As a young man accused of a double murder and numerous hold-ups, Pierre Goldman is depicted as a terrorist, radicalised by his communists parents (jews from Poland who left the pogroms back in the 20's) and by the people he met "along the way" in Poland, Cuba and Venezuela. As stubborn as impulsive, he seems to hold a grudge against the whole world, the cops and the heirs of aristocracy above all. He blames the police for being prejudiced against people like him, or his mates, immigrants mistreated by the police.
Will this be a good reason to declare this man guilty of a murder ?
Will the French society of 70's will decide to bury 68's values with this trial ?
Is he the scapegoat that everyone was expecting to blame the 68 revolution for good ?
The fantastic adaptation of this trial will give some anwers for sure. It's to me a fantastic depiction of the French society of the 70's with the opposition betweeen conservatism ( those who clearly lean right and who are represented by DeGaule's supporters very keen to defend patriarchy and old bourgeois way of life) and some revolutionary's aspirations of the lefties (inspired by French intellectuals like Simone DeBeauvoir or other communists's supporters also present in the court).

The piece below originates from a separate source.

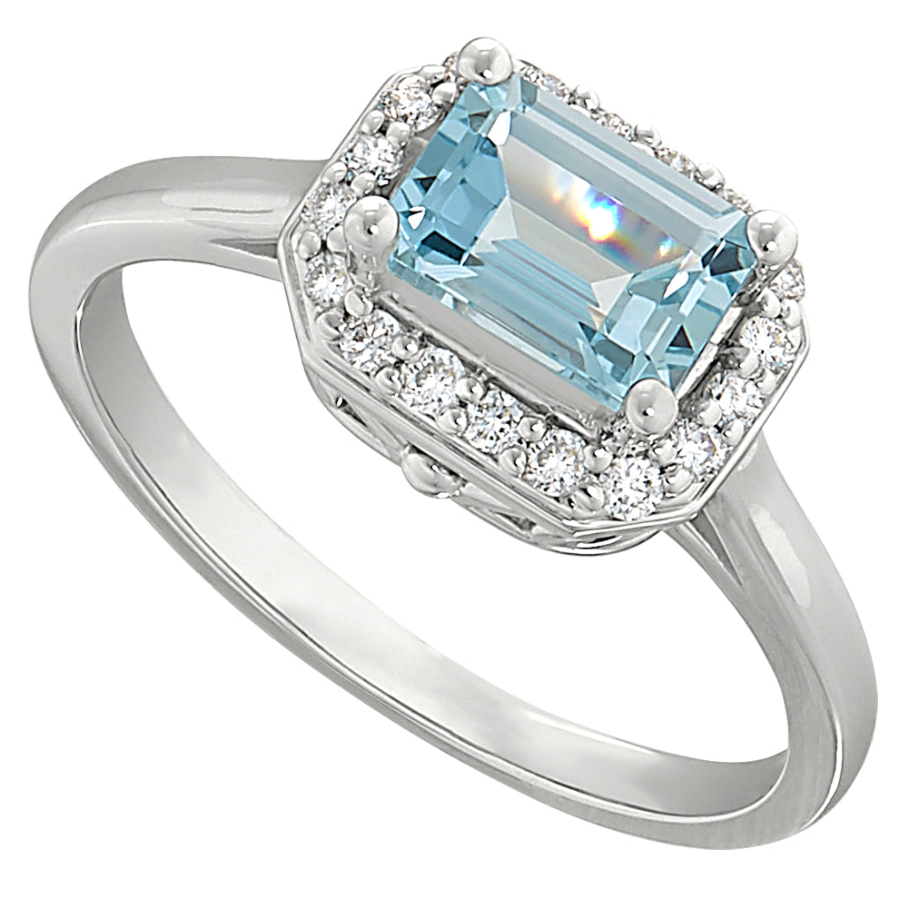 Antique Cushion Blue Topaz and Diamond Ring Small

Tensions, and moral values will pull their weight in this trial whose scenes are incredibly interpreted. The main character interpreted by Arieh Worthalter who definitely deserves an award for his performance(he finally got the Cesar) as well as the other actors (the lawyers, the witnesses, the attorneys and prosecutor) are just perfect in the way they express themselves, in the tension and the moral stake they put in the middle of the room. The whole trial looks perfectly genuine and it's highly interesting to see what was at stake morally speaking in the French society back in those days.
In Europe, the 1970's are years of rebellion, violences and massive opposition between liberalism and communism and it's this struggle of ideas that is portrayed in this film.
A fantastic adaptation and reproduction of a trial that changed France for good.